为什么指针不在堆栈上？

Question

void main(){
    int i,k;
    char* p;
    int j;
    printf("address of i is %d \naddress of k is %d \naddress of p is %p\naddress of j is %d", &i,&k,&p,&j);

}

when I tried the above code, the address of j is 4 units below k. But the address of p is no where near. Since a pointer is an integer variable that could store 4 bytes of data, why isn't it allocated on the stack like the other three variables?

Answer 1

Use %p to print all the addresses.

Spoiler: It is on the stack.

Answer 2

You should post the output you're getting.
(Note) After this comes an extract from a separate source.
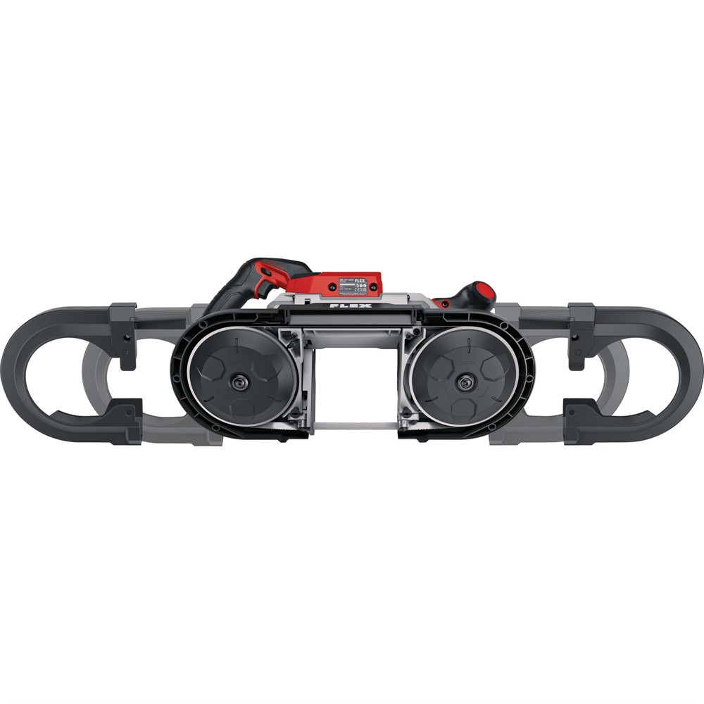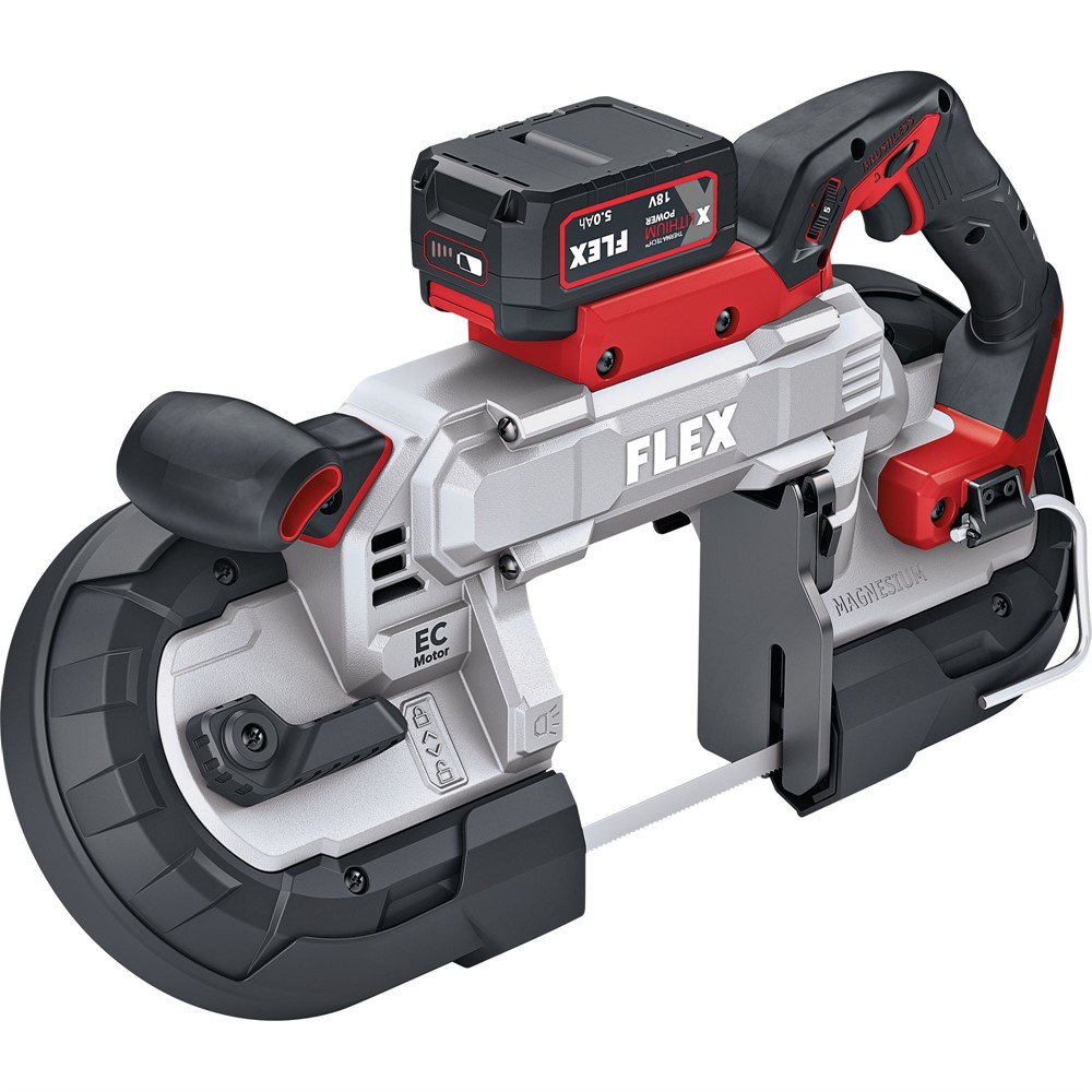Det elektroniska styrsystemet (EMS) skyddar maskinen, förlänger dess livslängd och ökar den totala effektiviteten. En LED-display visar aktuell batterikapacitet. Bandsågen är en del av FLEX batterisystem och är kompatibel med alla FLEX 18 V batterier.

I suspect that you're getting a bit confused because most of the addresses you're printing are being displayed in decimal (using %d) while p is being displayed in hex (using %p).

Answer 3

I just tried your code on my computer (running Ubuntu 9.04) and got the following:

address of i is 0xbf96fe30
address of k is 0xbf96fe2c
address of p is 0xbf96fe28
address of j is 0xbf96fe24

after changing the code somewhat:

void main(){
    int i,k;
    char* p;
    int j;
    printf("address of i is %p \naddress of k is %p \naddress of p is %p\naddress of j is %p\n", &i,&k,&p,&j);

}

Since all you're printf() are addresses you should use %p instead of %d. Maybe you misinterpreted your results?

Answer 4

I can't help but tell you that your program is one of those that "should be indented six feet and covered with dirt." (google for who said it when and why:-) It is a prime example of sloppyness for the following reasons, most of which are causing undefined behavior:

• Uses printf without including stdio.h
• Uses void main
• Uses %d for addresses
• Uses %p with something other than a ptr-to-void

Properly written it looks like this:

#include <stdio.h>

int main (void)
{
    int i, k;
    char *p;
    int j;

    printf ("address of i is %p\n", (void *)&i);
    printf ("address of k is %p\n", (void *)&k);
    printf ("address of p is %p\n", (void *)&p);
    printf ("address of j is %p\n", (void *)&j);
    return 0;
}

Answer 5

When you use %d printf() specifier you get an address printed as decimal number and when you use %p specifier you get it printed as hexadecimal number. It just happened that the hexadecimal number contains no letters and you misinterpret it.

Answer 6

In the end a pointer is a variable.As far as the linux architecture is concerned,it is very clear that

All those variables whose memory is localized to a function will remain on the stack.<

There is no reason why for the above case the pointers should not be on the stack.Its a case of misinterpreting the ouput and ignoring the warning from gcc.Its a case with beginners that they ignore gcc warnings as harmless.There are cases when they are equivalent to a compiler error

Answer 7

Pointers may or may not be located on the stack as they are also some sort of variables. Note that they are some not very big variables. If the CPU/MCU has lots of registers and the compiler optimizes well, you may not see a pointer on the stack, it may very well spend its whole lifetime in registers.